Every spring, the Margalla Hills overlooking this capital city burst into life. Evening thunderstorms send torrents of water down the slopes, scenic paths attract hikers and picnickers and bands of monkeys scramble down from the trees to watch the weekend visitors.

But this season, the forested ridges have taken on a new, ominous significance for jittery residents. Suddenly, the hills are being depicted as the last barrier to hordes of Islamist insurgents sweeping south from the Afghan border, and as perfect places for suicide bombers to lurk.

"If the Taliban continue to move at this pace, they will soon be knocking at the doors of Islamabad. The Margalla Hills seem to be the only hurdle in their march toward the federal capital," Maulana Fazlur Rehman, a religious party leader, warned last week in a speech to Parliament. He was exaggerating for effect, but the image struck home.

Islamabad, a placid, park-filled city of 1.5 million people, was built in the 1960s as a symbol of Pakistan's modern and democratic aspirations. Its boulevards are lined with grandiose federal buildings and its shady side streets are home to an elite class of politicians and professionals. Until several years ago, the orderly capital seemed immune to the religious violence that bedeviled the country's wilder rural fringes.

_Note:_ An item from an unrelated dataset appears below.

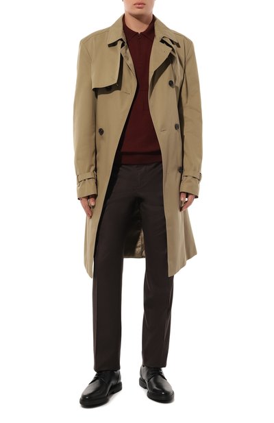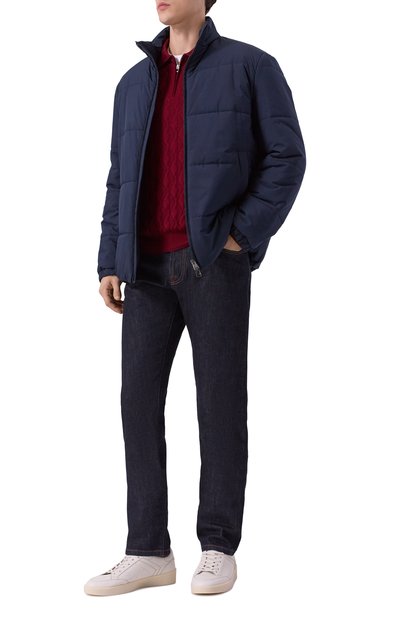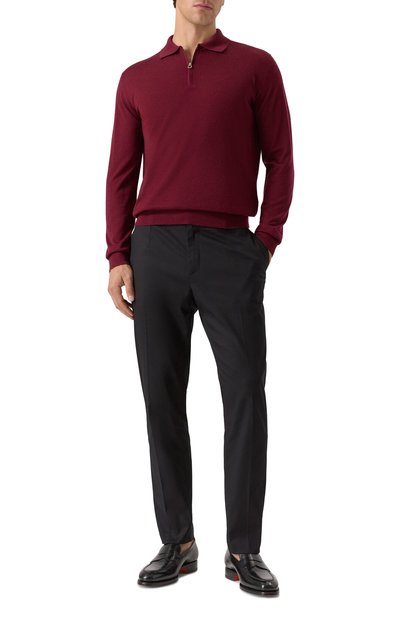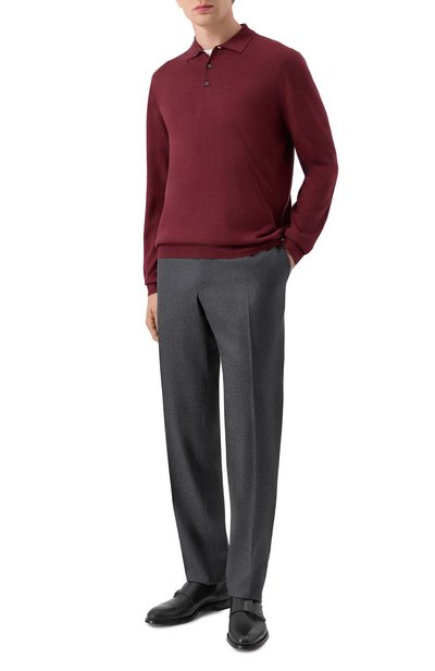 Поло в фактурную вертикальную полоску выполнили из тонкого шерстяного трикотажа. Линию плеч, воротник, эластичные манжеты и пояс подчеркнули контрастными линиями. С ними перекликаются внутренняя сторона пуговичной планки и вышитая эмблема Royal Eagle на спинке.

But now, a psychosis of fear has gripped the Pakistani capital, driven partly by recent televised images of turbaned Taliban fighters occupying town after town in the northwest districts of Swat, Shangla and Buner — as close as 60 miles from Islamabad — and partly by a rash of bombings and threats in the quiet, heavily-policed federal district.

Private schools that cater to international and wealthy families have installed security cameras and gun turrets; many are losing foreign students as embassies and other agencies send families home. The local World Bank office just moved into the heavily guarded Serena Hotel.

Police barricades, detours and checkpoints are sprouting so fast that drivers barely have time to learn the new traffic patterns. Without a foreign passport or a VIP license plate, it is almost impossible to enter the federal district that includes the Supreme Court, the Parliament and the diplomatic enclave.

"We're not going to let anyone come and capture Islamabad, but we have too few resources to secure the city," said Nasir Aftab, the superintendent of police, his eyes red after a night of little sleep. "We need more weapons and men. We need explosive detectors and vehicle scanners on the highway entrances. If a mullah tells a boy of 15 to blow himself up, how do you stop him? This is the capital, and we don't even have a sniffer dog."

It is the insidiousness of suicide bombers, more than the bravado of gun-toting Taliban troops, that keeps officials such as Aftab up at night. The biggest bombing yet here came in September, when a truck full of explosives rammed into the luxury Marriott Hotel, killing 52 people.

The hotel has since reopened, and the lobby has been restored to its former elegance. But the inviting scene is hidden behind blast walls, and the doormen who once swept open wide glass portals guard a narrow opening with a huge metal detector.

"Sometimes I think we've overdone it. The hotel looks like a fortress, but security has to be our top priority," said Zulfikar Ahmed, the Marriott's general manager. He said hotel occupancy had plunged to 40 percent of what it once was. "We maintain a calm atmosphere, but if something happens tomorrow, it will drop again," he said.

A less spectacular but equally worrisome attack occurred last month, when a young man approached an open camp for off-duty paramilitary guards, located in a small park in an upper-class residential area. The man blew himself up, killing himself and five guards.

The blast sent shoppers fleeing in panic from the exclusive Jinnah Market a few blocks away. Now, the market is half-empty, waiters stand idle and merchants sit behind sale racks on the sidewalk.

"The future looks very bleak. Fear chases us everywhere, from the moment we leave home to the moment we return at night," said Mohammed Ismael, 46, who sells fabric for party dresses. "These blasts and attacks don't hurt the ruling class, but they destroy our business ... The tension is everywhere."